To quantify the impact of the aforementioned changes, we in Refinitiv Power Research have developed a fundamental power market model, which solves the generation dispatch problem across the NWE region for 25 historical weather years. The model runs in an hourly resolution and calculates the generation of conventional power plants on a unit level, flows and power prices from now until the end of 2030. This article below focuses on Germany and discusses the results from our base case run (Run Date: 5th June 2021), which includes our best guess assumptions and uses the traded fuel prices. The consumption used in our model is the public grid demand, which excludes transmission losses and self-consumption. For full access to all the input and output data from our new model, please use our desktop platform Eikon.
Outlook
German conventional generation to decrease substantially in the coming decade
In our base case scenario, we stick to the coal phaseout timeline set by the German government, which targets 15 GW of hard coal and lignite capacity in 2023 and 8 GW of hard coal and 9 GW of lignite capacity in 2030. In between the target dates we linearly scale down the hard coal capacity, removing the least efficient plants first. The closure dates of individual lignite plants are already known and is incorporated in the forecast.
In our base case scenario fossil fuels provide 200 TWh of generation in 2022, or about 40 percent of the yearly German public grid demand. We expect fossil fueled generation to halve by 2030, driven by sustained high carbon prices, the closures of hard coal and lignite plants and the expansion of wind and solar capacity.
The decline in German coal generation is expected to be especially pronounced in the first part of the decade, going from 131 TWh (94 TWh lignite and 37 TWh hard coal) in 2022 to 66 TWh (49 TWh lignite and 17 TWh hard coal) in 2025. After 2025, coal-fired generation is still declining, but at an increasingly slower pace. Gas-fired generation, on the other hand, gradually increases in the start of the decade, peaking at 82 TWh in 2024, before slowly decreasing to 65 TWh in 2030. It becomes the largest fossil fueled generation source in Germany by 2023 in our base case scenario.?
We also observe that fossil fuel generation in Germany will be increasingly sensitive to the weather conditions, as renewable generation becomes a larger part of the generation mix. This is especially pronounced during the winter months, where the amount of wind output can vary substantially from year to year, and the load is high. Taking hard coal as an example, we see the difference between a windy and non-windy year can mean a three-folds increase in hard coal generation in the near end, and up to a ten-folds increase at the end of the decade.
In addition to the coal phaseout, Germany is also exiting nuclear power. In accordance with the German nuclear exit law, 3 reactors totaling 4 GW are slated to go offline at the end of 2021, leaving 3 operational reactors. At the end of 2022 the 3 remaining reactors are scheduled to go offline, shutting off a base load supply which provided 60.8 TWh of electricity in 2020, and which we expect to generate 67 TWh in 2021 and 34 TWh in 2022.

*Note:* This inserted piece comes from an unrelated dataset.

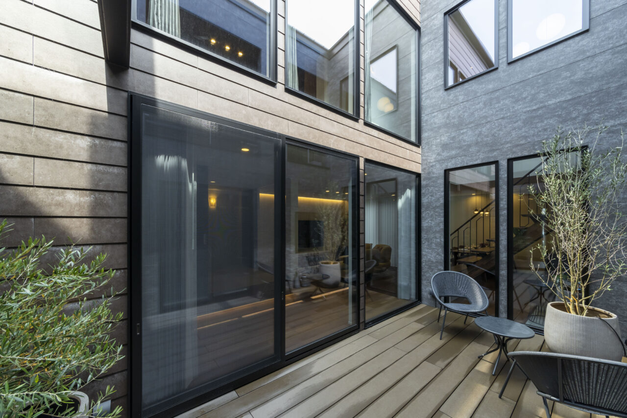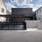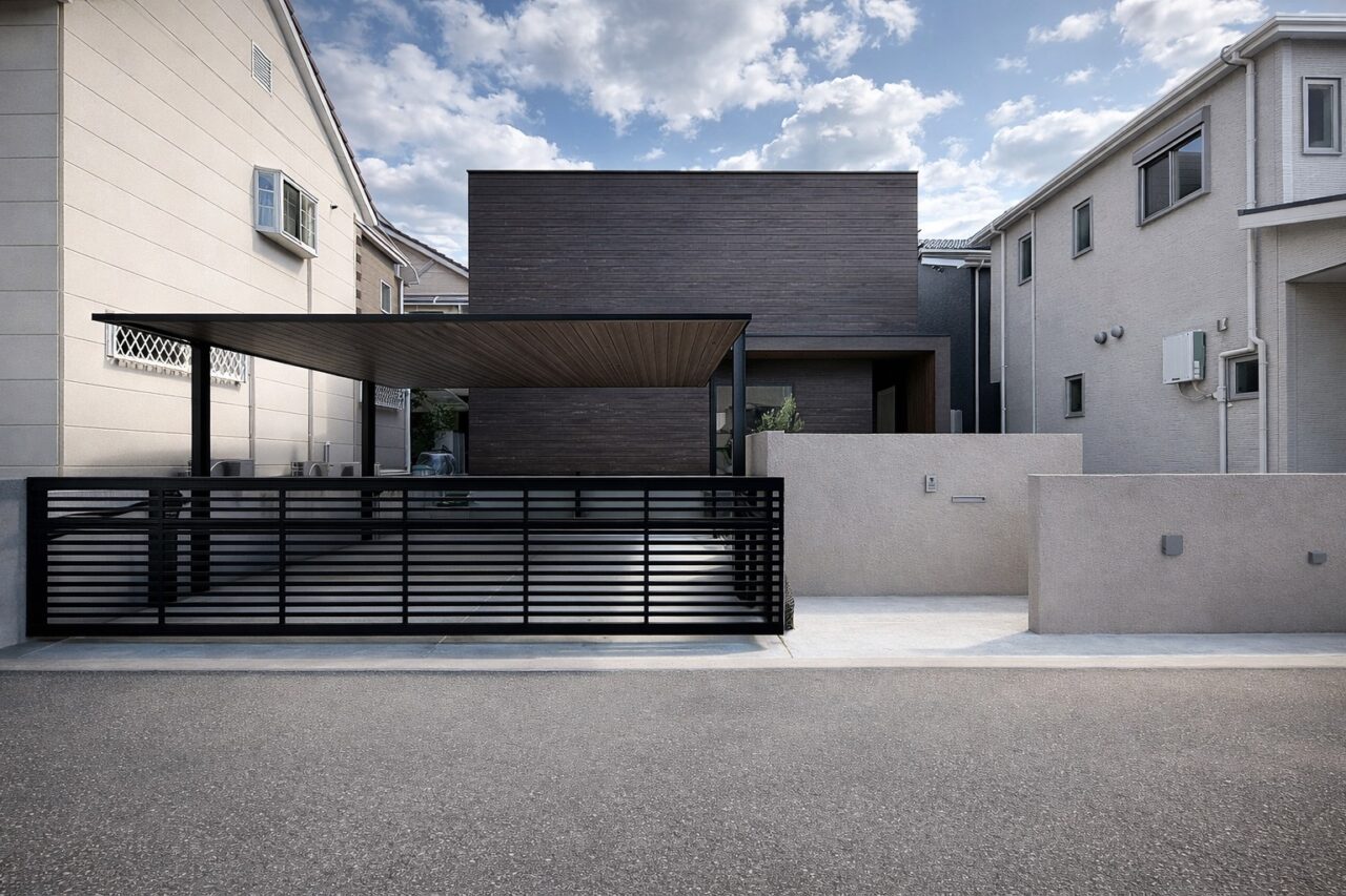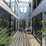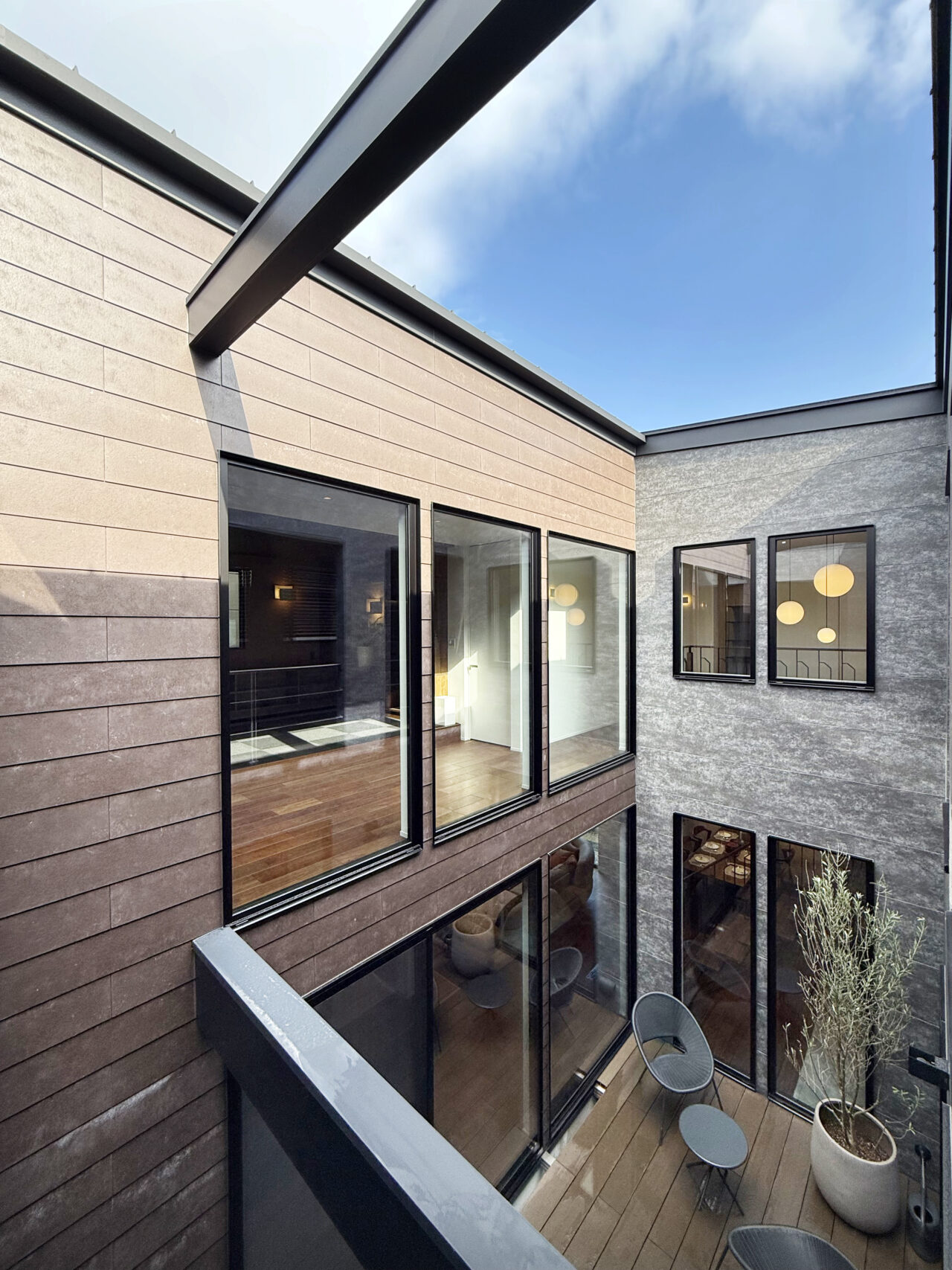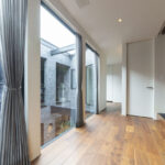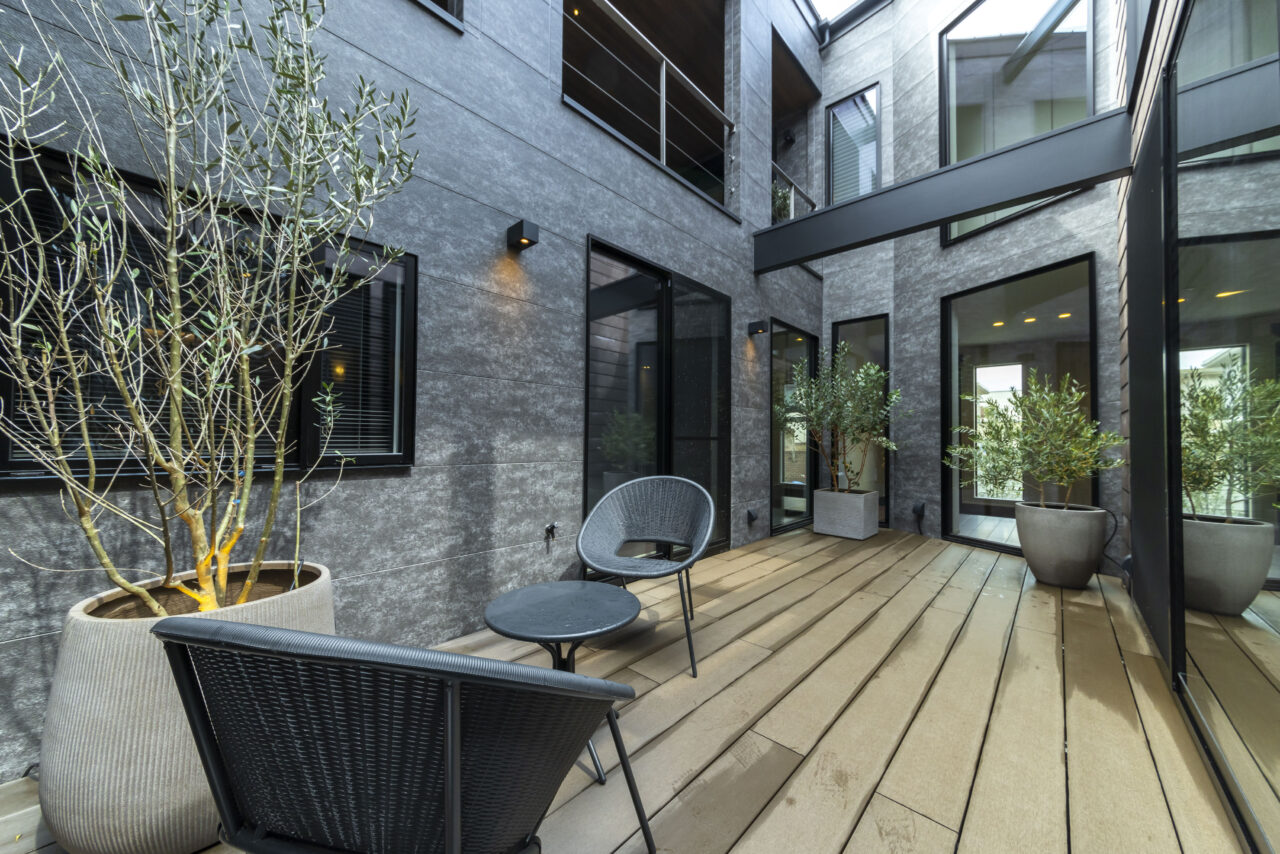 あえて窓を設けないシンプルなデザインを採用。落ち着いた佇まいの中に、ノスタルジックな気配と凛とした品格を感じさせる。室内に入ると印象は一変し、中庭から降り注ぐ自然光が広がる明るく開放的な空間へ導く。外部の喧騒を遮断したプライベートな中庭と、やわらかな光に包まれた静かな住環境が、心地よい暮らしを演出。

Germany to become net importer from 2022 and onwards
The supply deficit resulting from the German coal and nuclear phaseout will make Germany a net importer of electricity. Already from 2022 we expect Germany to become a yearly net importer for the first time, with net imports totaling 28 TWh. We expect net imports to continue to rise to just under 100 TWh in 2026, before remaining stable at this level for the rest of the decade. This means that in our base case scenario Germany gets between 18 and 20% of its yearly public grid demand from neighboring countries in the latter part of the decade.
Germany far away from 65% RES target with current trajectory
In our base case run we adhere to the renewable buildout trajectory laid out by the German transmission system operator’s medium-term forecast until 2025. From 2026 and onwards we assume solar and wind power capacity to grow linearly, reaching the 2030 targets currently stipulated in the German Renewable Energy Sources Act (100 GW of solar and 91 of GW wind).
We observe that with the above capacity buildout trajectory, and considering the average of 25 weather scenarios, the amount of yearly wind/solar generation is expected to total 179+80 TWh in 2030, combined covering a little over 50% of the total yearly public grid demand, compared with 37.5% in 2020.?
With hydro power buildout expected to be limited, we foresee hydro power generation stable at a yearly output of 15 TWh. If we assume biomass generation to stay at the same level as in 2020 (45.5 TWh), renewables stand for 319.5 TWh, or 62% of the public grid demand in 2030 in our base case scenario. This is considering a 2030 public grid demand of 516 TWh, which means a conservative 7% growth compared with 2019. Assuming self-consumption, pumped hydro demand and grid losses remain constant at 2019 levels (68 TWh), we get a gross consumption of 584 TWh in 2030. This means that when using the German government’s current wind and solar expansion targets and a conservative consumption growth, we still only see renewables covering roughly 55% of the gross demand in 2030, far below the official target of 65%.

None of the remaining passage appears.